AZTEC CLOTHING AND DRESS
The Aztec Empire was a civilization in central Mexico that thrived in the time before the arrival of European explorers during the Age of Exploration. Throughout its history as a civilization the Aztec Empire expanded across much of central Mexico and other surrounding areas, to become the most dominant and powerful people in the region. Tenochtitlan, the main Aztec city (or altepetl), was the center of this vast empire.
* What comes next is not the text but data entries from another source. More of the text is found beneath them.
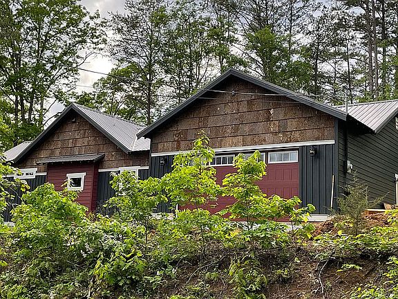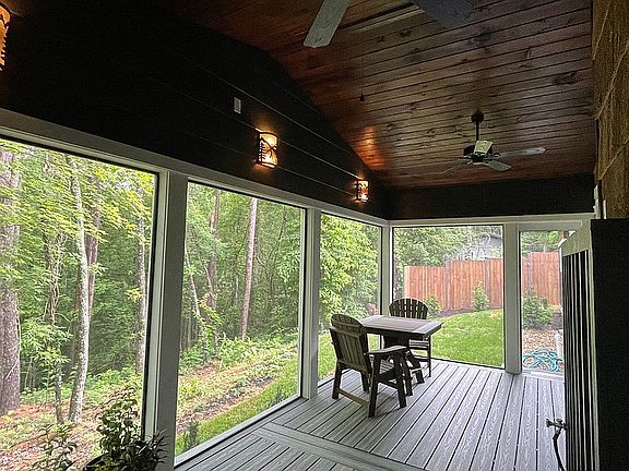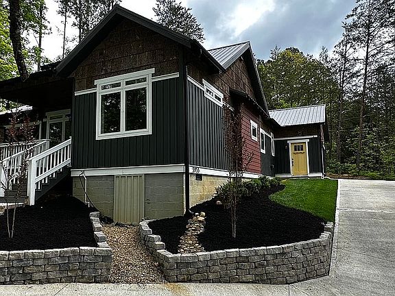 Craftsman home with durable cement board & batten siding, cement board lap siding, and natural poplar bark siding. Craftsman style windows and a metal roof bring the style together. A quaint open front porch is perfect for enjoying a cup of coffee in the morning while listening to the birds. On the back of the house is a large screened in porch off of the living room with privacy and a view of the woods. Inside, the walls are finished with pine 12" wide tongue and groove boards that are stained and sealed in a neutral gray color. The ceiling is unfinished 6" wide pine nickel board throughout and also in the garage. Stained ceiling beams have been placed in the kitchen, bedrooms, and living room. Two bedrooms each have their own attached bathroom. The gas fireplace is finished with a mantle, natural poplar bark, and black ceramic tile around the mission-style sealed cover. The kitchen has quarter sawn oak cabinets with quartz countertop and stainless steel appliances. The laundry room leads into the attached garage where there is ample parking for 2 cars and a workshop space in the back. A concrete driveway means low maintenance and durability.
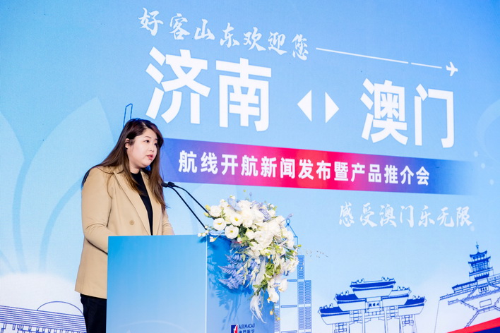澳門航空「濟南—澳門」航線開航新聞發佈及產品推介會於10日假濟南洲際酒店舉行。旅遊局副局長司徒琳麗致辭時表示,魯澳在旅遊領域有著密切交流和合作,兩地在推動旅遊業高質量發展、促進文化和旅遊深度融合發展上有紮實基礎。相信「濟南—澳門」航線將進一步促進山東與澳門兩地的經濟、旅遊及文化交流,為旅客提供更便利的旅遊選擇,促進客源互送。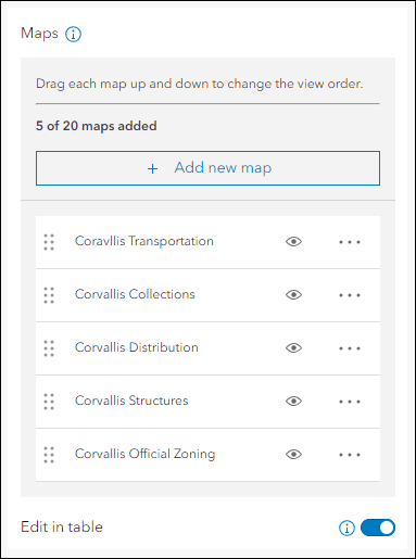 Review and edit data from multiple maps and layers using the new Manager app template. For example, review problems and feedback with new public transit stations that were collected using crowdsourcing. Use the app configuration to choose each map used in the project that you want included for review. A browser in the configuration lets you search and find any map you have access to so that you don’t have to rely on having everything contained inside a single group. Set up attribute filters to narrow down records that are returned in the table and displayed in the map using a new configuration that let’s you create filters on a per-map basis within your project. Manager is designed with an updated and improved mobile interface which lets you work easily on mobile devices that you or your app viewers have.

An important part of the Aztec culture was the clothing that the people made and wore. The clothing of the Aztec was similar to other pre-Columbian Mesoamerican groups, since they shared relatively similar histories and cultures. With that said, there are a few key points in relation to the clothing and dress of the Aztec. First, Aztec society was divided between distinct classes, and the different classes wore different types of clothing. For example, the high priests, nobility and royalty would wear very ornate clothing while the lower classes would not. Second, the basic item in Aztec clothing for men was the ‘maxtlatl’, which was a type of loincloth. Men would usually wear the maxtlatl with an outer garment that resembled a cloak called a ‘tilmahtli’. The timahtli were stylized differently to distinguish between the different classes in Aztec society. Third, Aztec women were known to wear a type of blouse called a ‘huīpīlli’ along with a long skirt called ‘cuēitl’. For footwear, the Aztec nobility wore a sandal which they called ‘cactli’. Commoners in Aztec society were not allowed to wear these as they were viewed as a sign of status. As well, all Aztec people were required to be barefoot when they entered a temple or when they were in the presence of the emperor (huey tlatoani).
Jewelry and accessories were also popular in Aztec society. For instance, both men and women were known to wear necklaces and bracelets made of gold and different types of stones. In general, jewelry was a status symbol for the Aztec, with the upper classes wearing more and the lower classes wearing less. Also prominent in Aztec jewelry and dress were feathers and shells. In fact, the blue-green feathers from the quetzal bird were highly prized and worn exclusively on the headdresses of the Aztec royalty.
Another important aspect of Aztec dress was the clothing and armor for warriors. More specifically, the maxtlatl (loincloth) was worn by all warriors, along with a form of armor called ‘ichcahuipilli’. The ichcahuipilli was an outfit made of thick layers of cotton that was worn as a jacket and offered the warrior protection from sharp weapons. Additionally, Aztec warriors were often rewarded for their actions in battle with different types of jewelry made out of shells and glass beads. A high ranking warrior or one who was born into the noble class might wear addition protection in an outfit called ‘tlahuiztli’. These outfits were decorated more ornately to distinguish the warrior and offered more protection because they covered the arms, legs and torso. The tlahuiztli were generally made out of cotton and leather.
The most prestigious warriors in Aztec culture were the Eagle warriors and the Jaguar warriors. Both the Eagle and Jaguar warriors were referred to as ‘cuāuhocēlōtl’ and were the two most elite types of warriors in the Aztec military. The warriors that earned these designations were regarded as the best for their ability to capture prisoners in battle, which was one of the main objectives of the Aztec military. Both sets of these types of warriors wore very distinctive types of outfits that were separate from the rest of the Aztec warriors. For instance, the Eagle warriors were known to wear helmets and suits decorated with eagle feathers. As well, they would usually have an eagle head on their head, with their face showing out of the open beak. Whereas, the Jaguar warriors wore the hide or skin of a jaguar which usually covered their entire bodies. They had their faces showing out of the open jaguar mouth. Jaguar warriors wore this in belief that they gained the strength of the animal in battle. Both Eagle warriors and Jaguar warriors went into battle with a weapon called a macuahuitl, which was a type of wooden club that had very sharp obsidian blades attached to its edges. Obsidian is a volcanic glass that when cut can produce extremely sharp blades. Both types of warriors also fought using spears, clubs and shields.